How Durable is Our Visibility into AI Cyberattacks?

As AI gets better at hacking, sources of threat intelligence on its capabilities and use may deteriorate

Jun 29, 2026

How useful are AI systems for attackers? How wide is their adoption? What attack strategies do they enable? Anyone trying to mitigate AI-driven cyberthreats needs up-to-date answers to these questions. But currently, our view of AI’s cyber capabilities and their adoption by attackers is remarkably murky.

Today this picture is drawn from a thin set of sources: two almost saturated cyber ranges1, occasional incident reports published by threat intelligence firms, and AI companies reporting the number of vulnerabilities their newest model found. However, even these sources of threat intelligence could be fragile in the next years. Maintaining visibility into AI cyber threats is a crucial basis for sound policymaking and enables security practitioners to adapt to emerging AI threats in time.

Four questions:

What sources of threat intelligence on AI cyber capabilities and real-world usage can observers draw on?
How informative are these data sources?
Will they persist if AI cybercapabilities continue to rise?
Who has control over the data?

I find that sources of threat intelligence - especially those revealing how sophisticated attackers use AI in cyberattacks - are at risk of diminishing as attackers stop using API-hosted LLMs and share less information on public channels, and LLMs become stronger at maintaining operational security. Additionally, some sources are only held by commercial actors who might not share their insights.
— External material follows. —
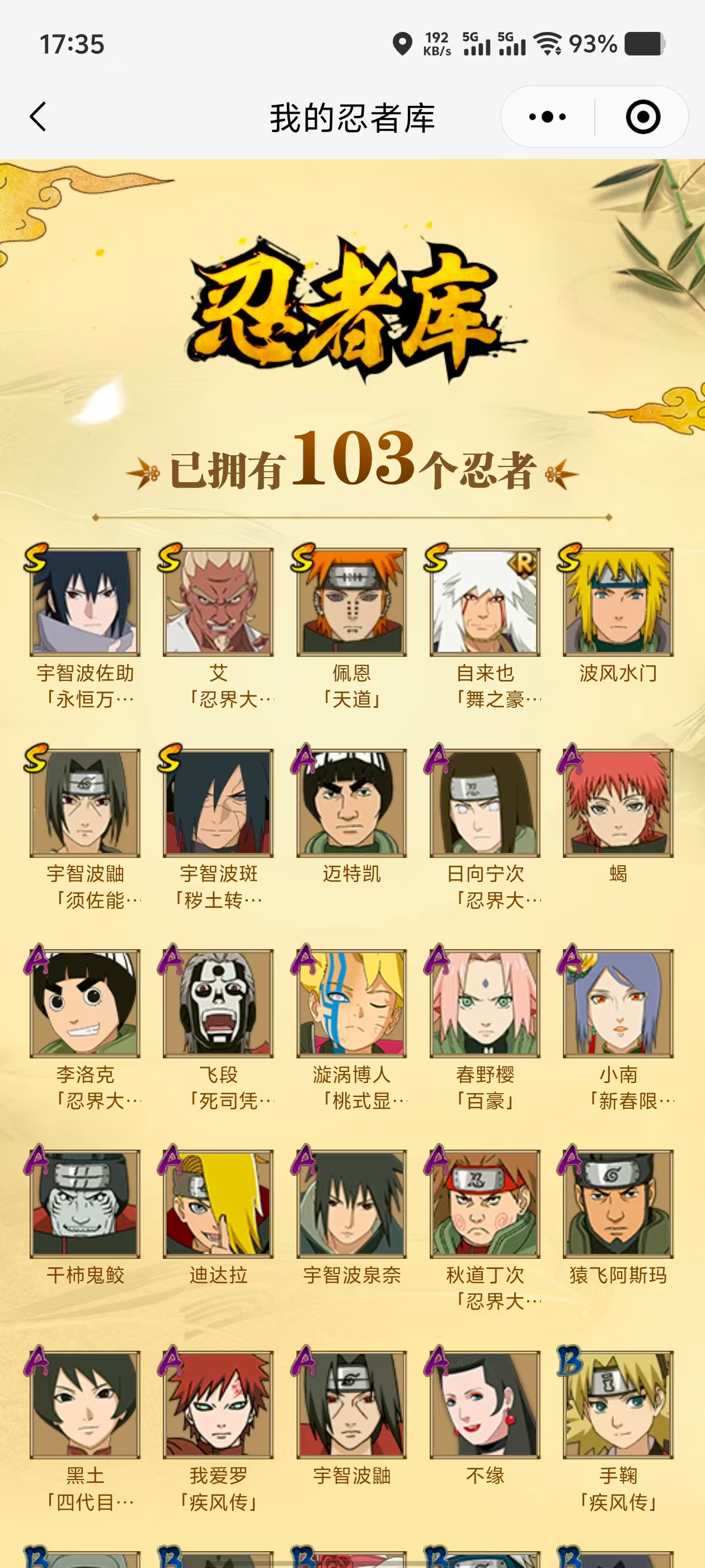 【A忍者】,不缘,日向宁次「忍界大战」,漩涡博人「桃式显现」,李洛克「忍界大战」,宇智波泉奈,小南「新春限定」,秋道丁次「忍界大战」,春野樱「百豪」,飞段「死司凭血」,迪达拉,我爱罗「疾风传」,蝎,干柿鬼鲛,宇智波鼬,猿飞阿斯玛,迈特凯,

Sources of Threat Intelligence

Defenders have access to six sources from which they can gauge AI capabilities and usage:

Cybercapability evaluations: Controlled tests measuring how well models perform offensive cyber tasks.
Real-world vulnerability discovery and pen-testing: The success of AI tools in dual-use defensive tasks indicates how capable AI is at cyber offense.
Open-source AI pen-testing tools: Publicly available offensive tools reveal how AI is used and indicate attackers’ capabilities.
Underground ecosystem monitoring: Forums and marketplaces where attackers trade AI tools and debate their use.
Incident forensics: Post-attack analysis of malware and logs to work out whether and how AI was involved.
LLM API usage data: Provider logs revealing exactly how attackers use API-hosted models.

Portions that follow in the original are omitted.